Vice Adm. Thomas Moore, the head of Naval Sea Systems Command, said the fleet spends billions to keep corrosion under control and that all levels of maintenance must make that a priority.

“Corrosion is one of the big things if we want to keep the ships around for 40-45 years; we have to do what is necessary on the corrosion side of things,” Moore said. “I don’t have the exact numbers, but we are spending $10 billion on our ship depot maintenance. And I’m guessing that several billion of that is corrosion-related, so it’s a significant portion of the budget.
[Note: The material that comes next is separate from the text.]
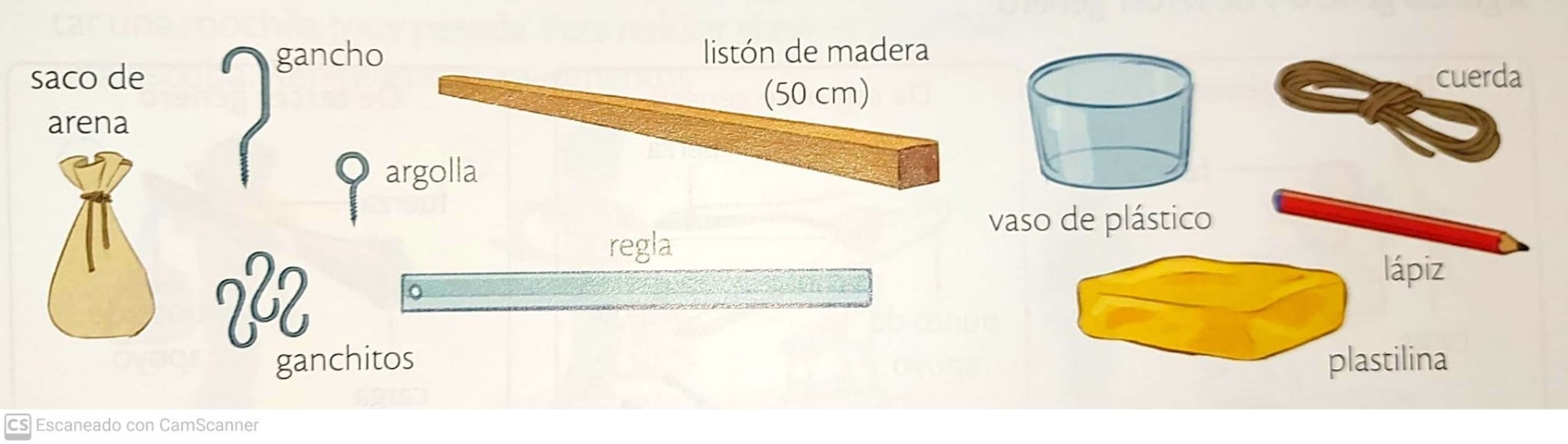 Para este taller necesitamos un saco de arena, un gancho, una argolla, ganchitos, una regla, un listón de madera(50cm), un vaso de plástico, una cuerda, un lápiz y plastilina.

“We have to stay on top of it. We have to be willing to do the work necessary to limit corrosion on the ship. And it’s not just at the depot. It’s in intermediate maintenance and its with ship’s force. We have to recognize that this is a law-of-physics thing and stay on top of it.”

Moore’s comments were in response to a question from an attendee who cited a number of pictures that have surfaced in recent years of surface combatants looking worse for wear with an abundance of running rust, something the Navy has traditionally tried to tackle. The images have led to naval observers questioning whether the Navy allows its ships to fall into disrepair amid plans to keep them active longer than the hulls were designed for.
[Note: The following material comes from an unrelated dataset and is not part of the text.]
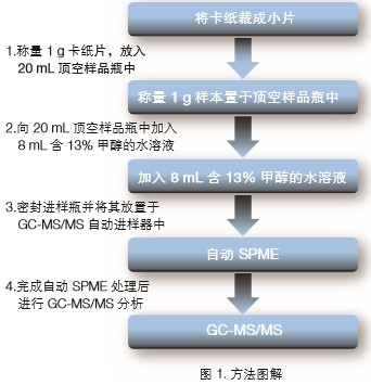 將卡紙樣本裁成小片(2 mm × 2 mm),并稱重 1 g 置于 20 mL 頂空樣品瓶中。向各樣品瓶中分別加入 8 mL 含 13% 甲醇的水溶液。密封樣品瓶并將其放置在自動(dòng)進(jìn)樣盤上。一旦樣品瓶放置 于樣品盤上,即進(jìn)入 SPME 處理程序,之后經(jīng)由 GC-MS/MS 分 析,詳見圖 1。
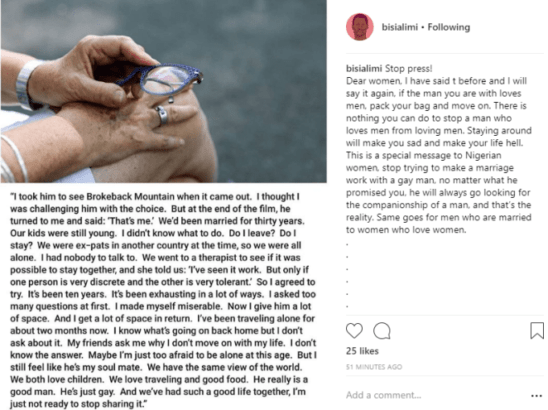This is a special message to Nigerian women, stop trying to make a marriage work with a gay man, no matter what he promised you, he will always go looking for the companionship of a man, and that’s the reality. Same goes for men who are married to women who love women.”

Explanations for the proliferation of running rust range from low manning on surface ships to over-tasking to environmental regulations that make it more difficult to remove paint. But, Moore said, it’s imperative sailors stay on top of rust to prevent its spread.

“A lot of times, [regarding] the amount of corrosion on the ship, there is a direct relationship between that and the … commanding officer’s ability, willingness to get after it on a regular basis,” Moore said. “I think its going to take a concerted effort at all levels — the ship’s force, the intermediate level and then at the depot level — for us to stay after it.”

Corrosion on the Arleigh Burke-class destroyers has been an issue in the past, and likely remains one. A 2009 secretary of the Navy brief on surface-ship maintenance cited a 400 percent increase in corrosion control jobs for Burkes between 2003 and 2009. The average age of the Burkes in 2009 was 14 years old. The Burkes in particular will be vital to maintain because the Navy is counting on getting 40-45 years of hull life out of them to get to the required fleet size of 355 ships in the 2030s.

In a commentary that ran in Defense News’ naval warfare newsletter The Drift, a retired naval officer and pseudonymous Navy commentator Cmdr. Salamander recently tied the surface fleet’s mission to show the flag overseas to physical appearance.

“To the citizens of its nation, the condition and performance of their navy does two things; first it shows that the navy is a good steward of taxpayers’ investment, and second it gives them piece of mind that if their navy sorties forward to defend the nation, odds are they are trained, manned, and equipped to do so,” Salamander wrote.

“Likewise, no coastal nation will be impressed with an ally or a competitor who huffs and puffs about the power of its navy, and then it shows up off the coast looking like a discarded ’58 Buick with a tree growing out of the wheel well.”

David B. Larter was the naval warfare reporter for Defense News.